Processing and cloud masking of composites over Sentinel data
In this exercise we will do a similar job than in the previous training but with Sentinel data. Now let’s import the Copernicus Sentinel-2 MultiSpectral Instrument (MSI) data collection. In the search bar we type sentinel and we can find a list of different datasets available. We select the level 2-A which provides surface reflectance (SR) values.
Figure 21. Sentinel 2A dataset description
We name the dataset ‘sentinel2_sr’ and apply the corresponding temporal, spatial and spectral filters. First we define a cloud masking function. We have used a predefined cloud-masking function described in the GEE sentinel dataset catalog (https://developers.google.com/earth-engine/datasets/catalog/COPERNICUS_S2_SR).
function maskS2clouds(image) {
var qa = image.select('QA60');
// Bits 10 and 11 are clouds and cirrus, respectively.
var cloudBitMask = 1 << 10;
var cirrusBitMask = 1 << 11;
// Both flags should be set to zero, indicating clear conditions.
var mask = qa.bitwiseAnd(cloudBitMask).eq(0)
.and(qa.bitwiseAnd(cirrusBitMask).eq(0));
return image.updateMask(mask).divide(10000);
}
Then we apply the cloud masking function ‘maskS2clouds’ to the sentinel dataset. The cloudy pixel percentage attribute is also used and it is a very important tool to mitigate cloud contamination. This filter is applied along with the cloud masking process.
var s2_sr_med = sentinel2_sr
.filterDate('2022-07-01', '2022-12-31')
.filterBounds(guyana_bou)
.filter(ee.Filter.lt('CLOUDY_PIXEL_PERCENTAGE',20))
.map(maskS2clouds)
.median()
.select('B2','B3','B4','B5', 'B6', 'B7', 'B8', 'B8A', 'B11', 'B12') // B 'B2', G 'B3', R 'B4', NIR 'B8'
.clip(guyana_bou);
// visualization sentinel 2
var visual_sen = { //{bands: ['B4', 'B3','B2'], min: 0, max: 2000, gamma: 11}
min: 0,
max: 0.3, // or 3000 if it's factored by default per 10000
bands: ['B4', 'B3', 'B2'],
};
Map.addLayer(s2_sr_med, visual_sen, "true color sentinel", 1)
The true color layer of the Sentinel 2A dataset median estimate is shown in Figure.
Figure 22. True color of median estimate for Sentinel time series from 01-2022 to 06-2022
The image from 2022 shows the presence of whitish pixels that correspond to lower cloud layers. For exercise purposes, let’s change the time period to 01-2020 to 06-2020. Also we can vary the cloud percentage allowed to compare between products.

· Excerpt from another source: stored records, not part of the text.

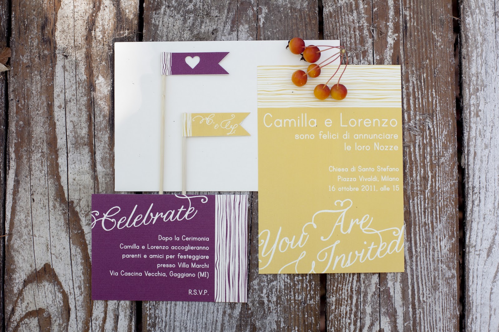 Abbiamo voluto ricreare un romantico e caldo pranzo di matrimonio per due, a base di frutta e formaggi, e volevamo usare dei colori non scontati e una palette autunnale un po’ alternativa al solito rosso e arancio. Abbiamo quindi scelto una tonalità di giallo tendente al mostarda e un prugna intenso. Qualcosa di alternativo anche alle tonalità pastello a cui siamo più abituate!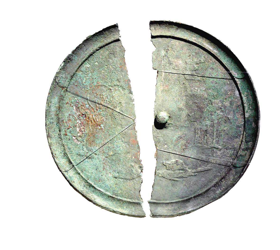 武汉博物馆馆长王瑞华向记者介绍,“今天展出的有一件非常特别的文物——破镜重圆,一半与男墓主人随葬,一半与女墓主人随葬,寓意死后仍然可以在一起!”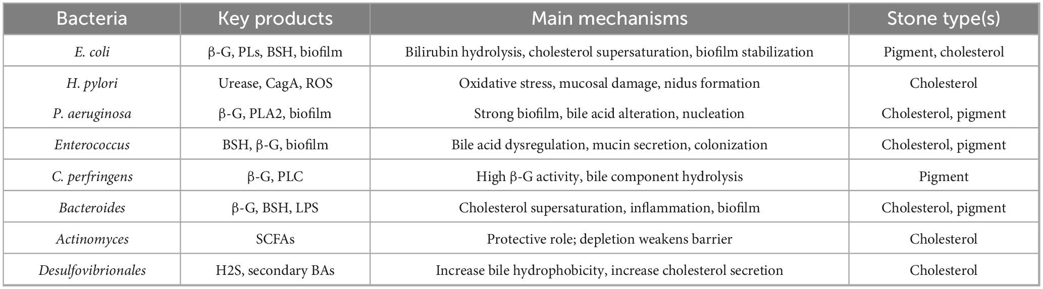 Gallstone disease can be classified into cholesterol gallstones and pigment stones, with the latter further divided into black pigment stones and brown pigment stones (Kumar et al., 2021). The formation of cholesterol gallstones is primarily attributed to bile composition imbalances—particularly cholesterol supersaturation—gallbladder dysmotility, and accelerated nucleation (Wang K. et al., 2025). In contrast, pigment stones are generally associated with hemolytic anemia, liver cirrhosis, and biliary tract infections (Lysandra et al., 2022). Traditionally, cholesterol gallstones were regarded as a consequence of metabolic disturbances. However, emerging evidence suggests that alterations in the biliary microbiota may also contribute to their development (Binda et al., 2022). Historically, the role of biliary bacteria has received little attention in GSD formation. Nevertheless, a potentially active role for microorganisms in GSD pathogenesis has been underscored by the frequent detection of bacteria in the biliary tract, with the rapid advancement of high-throughput sequencing and metagenomic technologies. Notably, specific bacterial taxa and their secreted products not only gain a colonization advantage within the biliary environment but also modulate bile composition, promote crystal nucleation, facilitate biofilm formation, and trigger local inflammation (Liu et al., 2025). Together, these mechanisms collectively drive gallstone formation. Our subsequent discussion will focus on the roles and mechanisms of major biliary bacterial phyla and representative genera in the pathogenesis of GSD. To provide a concise synthesis, we summarized the main bacteria, their key products, mechanisms, and related stone types in Table 3. This table complements the detailed descriptions in the text and improves readability.
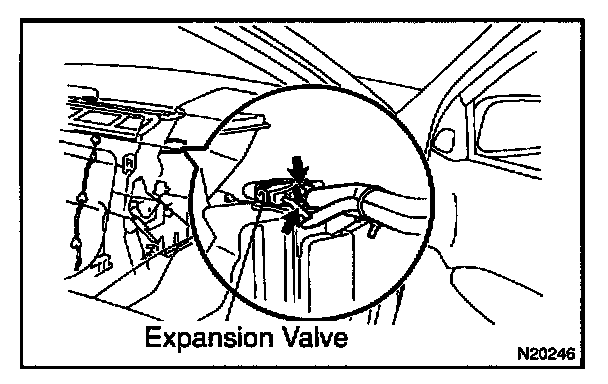c. Using a hexagon wrench, remove the 2 bolts and separate the expansion valve and evaporator.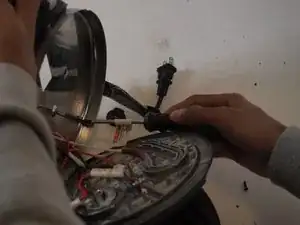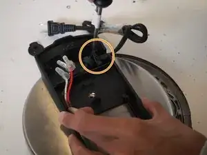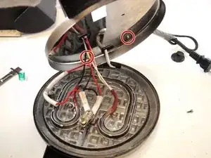 Снимите пластиковую крышку, чтобы обнажить центральный проводной узел на дне вафельницы.
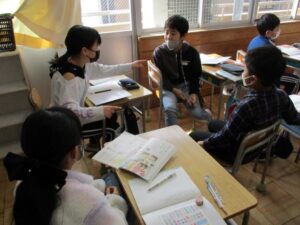 国語の授業では、友達との共通点探しで盛り上がりました。ペアの友達がどんなものが好きなのか、得意なのかを考えながら話し合っていました。どのグループも伝えたり、聞いたりすることができていて、さすが4年生!と思いました。これからの授業が楽しみです。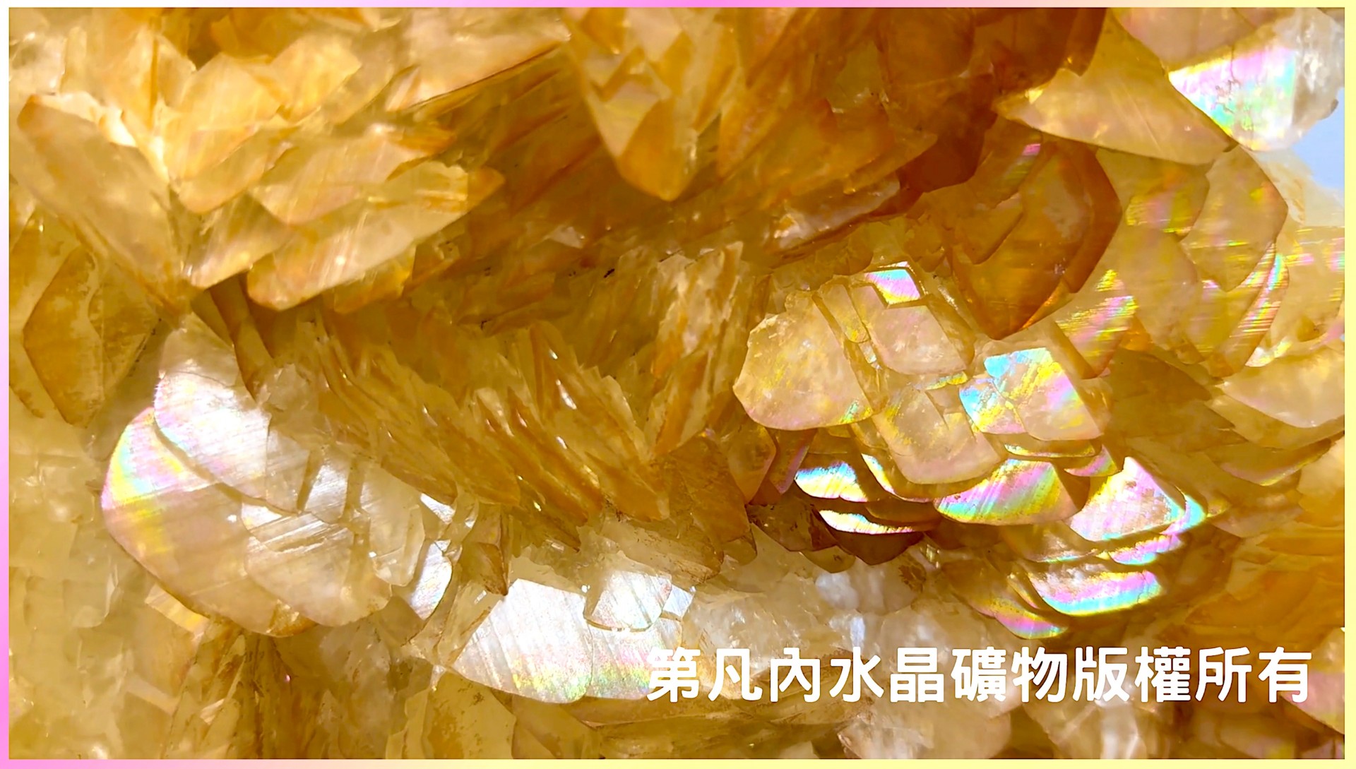 本件頂級的彩虹黃金方解石是寶石礦物中的極品,其整體皆是千層萬疊的片狀結晶,而顏色更因氧化鐵離子分布而呈現了太陽金、翠玉金到琥珀黃、威士忌黃的各種金黃色,部分晶體上更有炫麗的彩虹色反光,彷彿寓意著步步高昇、華貴非凡、富饒無比且人生彩色的頂級氣象,歡迎喜愛水晶寶石礦物的朋友親來參觀欣賞。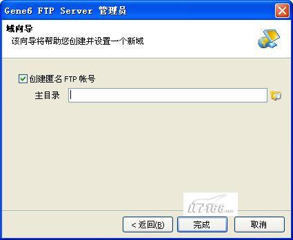 第六步:针对匿名帐户设置其启用状态以及访问目录信息,当然我们也可以禁止匿名帐户的登录,这些都根据实际情况选择即可,最后点“完成”按钮结束FTP域的设置工作。(如图14)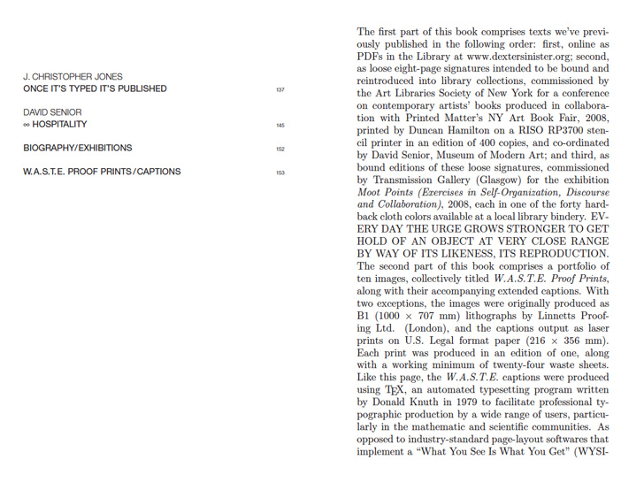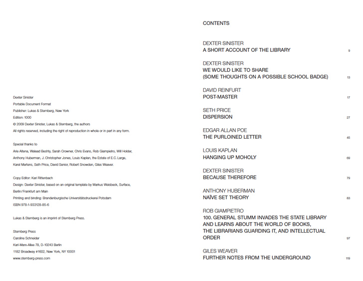 Over the past few years, Dexter Sinister has been interested in exploring contemporary publishing in its broadest, most exploded sense. The first part of this book consists of pieces of writings written since the conception of their New York basement workshop and bookstore in the summer of 2006. These writings were previously published online as PDFs in the Library at www.dextersinister.org. They were primarily written by Dexter Sinister or by one of a circle of regular collaborators, often for their house journal Dot Dot Dot, or as supplements to other books or exhibitions.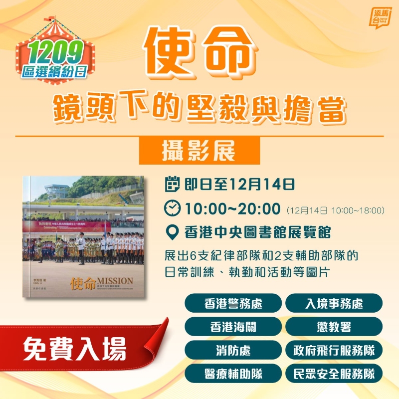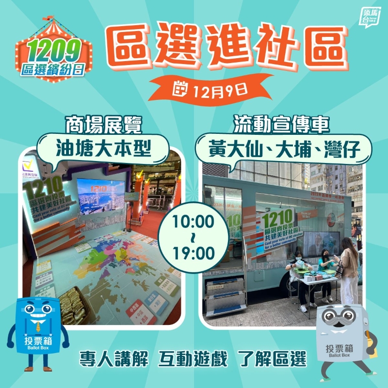 而“區選進社區”將在油塘大本型設商場展覽、東涌巿政大樓設流動遊戲攤位,並會安排三輛宣傳車分別停駐黃大仙、大埔及灣仔區作流動資源中心。另外,亦會免費開放香港科學館和香港太空館、香港藝術館的收費展覽,以及香港濕地公園;並提供多項參觀歷史建築及古蹟的優惠。 除此之外,香港中央圖書館會有“《使命》攝影展”──攝影展是以保安局六支紀律部隊和兩支輔助部隊為主題,亦會安排講座及六節的導賞團,供學生參與。環境及生態局將聯同九巴,在荔枝角月輪街車廠展覽古董巴士及電動巴士,市民可免費參觀。教育局與團體會舉辦“親子繽紛遊樂日”大募集活動,鼓勵全港中小學及幼稚園家長和學生透過親子活動去認識自己居住的地區。而市民到環境保護署轄下“綠在區區”社區回收網絡進行回收,回收最少0.5公斤回收物可獲額外1210“綠綠賞”積分。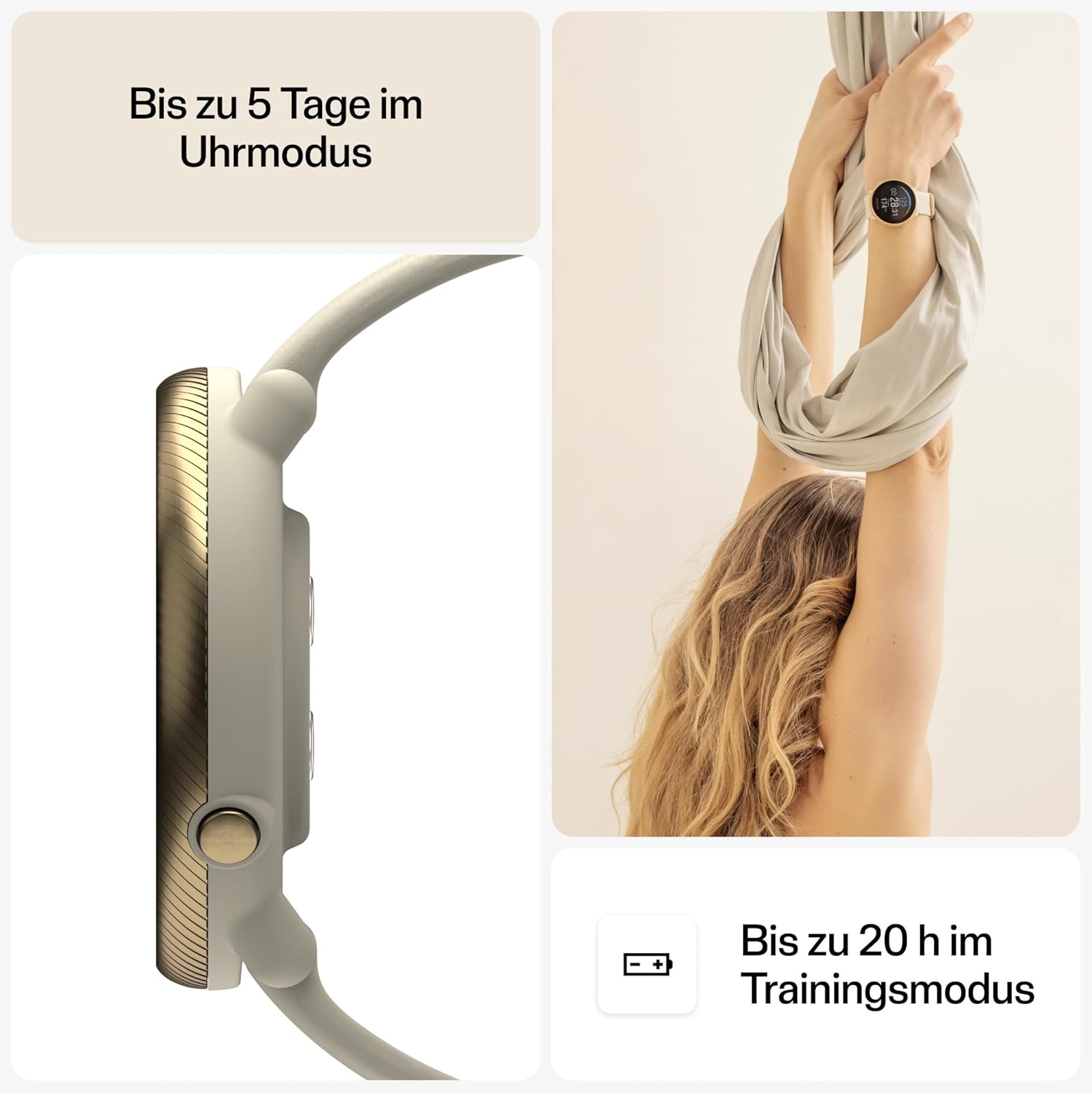 - El reloj como entrenador personal Las instrucciones de entrenamiento diario personalizadas, el programa de carrera, el análisis del sueño y el seguimiento de la recuperación te ayudan a entender mejor el cuerpo y a vivir de forma saludable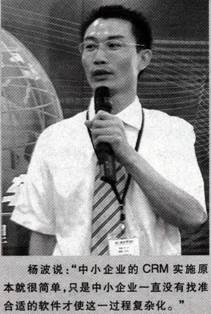楊波說:“中小企業(yè)的CRM實(shí)施原本就很簡單,只是中小企業(yè)一直沒有找準(zhǔn)合適的軟件才使這一過程復(fù)雜化!
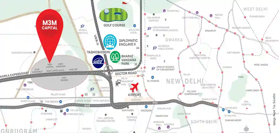 M3M Capital, located in Sector 113 along Dwarka Expressway, Gurugram, is an iconic M3M residential development offering luxurious 2.5 BHK, 3.5 BHK, 4 BHK and 4.5 BHK apartments in a gated community. Spread over approximately 30 acres, the project comprises 11 towers (some sources mention 5 towers) rising up to 36 floors, and delivers around 1,400 units. Every residence is designed for efficiency and comfort, with generous balconies, plenty of natural light, and views of landscaped central greens and a 9‑hole golf putting area. Key amenities include a 75,000 sq ft clubhouse, spa, indoor temperature‑controlled swim pool, squash court, aqua gym, water‑park, open‑air theatre, jogging track, kids play zone, and more. Strategically located right on the Dwarka Expressway, M3M Capital offers seamless connectivity to IGI Airport (approx. 7 min), the Yashobhoomi convention centre, the Delhi–Gurgaon metro corridor, and upcoming urban hubs.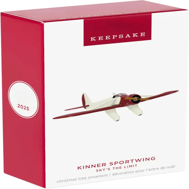 Send holiday spirits soaring with this year's addition to the Sky's the Limit series.The Kinner Sportwing Christmas tree ornament features a creamy white airplane with rich brown accents, a spinning propeller and detailing that will delight any aviation enthusiast.29th in the Sky's the Limit Keepsake Ornament series.With unparalleled artistry and exceptional detail, Christmas ornaments are perfect for preserving precious memories, commemorating special milestones and celebrating individual hobbies and interests.

Figure 23. Comparing different levels of cloud tolerance
The obstacle of cloudiness presence is major in the tropics. If you test this cloud masking procedure in other higher latitude regions then you might find less cloudy scenes. The tiles missing (gaps) correspond to images that did not pass the cloud percentage filter.